Input data Start Marker

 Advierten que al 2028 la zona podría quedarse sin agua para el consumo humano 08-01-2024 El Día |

Input data End Marker
Input data Start Marker

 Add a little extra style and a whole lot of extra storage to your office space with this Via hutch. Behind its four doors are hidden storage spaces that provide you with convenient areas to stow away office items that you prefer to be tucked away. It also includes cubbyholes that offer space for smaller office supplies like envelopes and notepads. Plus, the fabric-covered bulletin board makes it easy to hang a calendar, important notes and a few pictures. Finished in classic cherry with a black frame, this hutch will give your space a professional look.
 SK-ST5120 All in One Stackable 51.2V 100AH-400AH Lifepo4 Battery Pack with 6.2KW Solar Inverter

Input data End Marker

### [Required work]
Copy out, from the listing above, every line that contains the string "with".

### [Response]
 Add a little extra style and a whole lot of extra storage to your office space with this Via hutch. Behind its four doors are hidden storage spaces that provide you with convenient areas to stow away office items that you prefer to be tucked away. It also includes cubbyholes that offer space for smaller office supplies like envelopes and notepads. Plus, the fabric-covered bulletin board makes it easy to hang a calendar, important notes and a few pictures. Finished in classic cherry with a black frame, this hutch will give your space a professional look.
 SK-ST5120 All in One Stackable 51.2V 100AH-400AH Lifepo4 Battery Pack with 6.2KW Solar Inverter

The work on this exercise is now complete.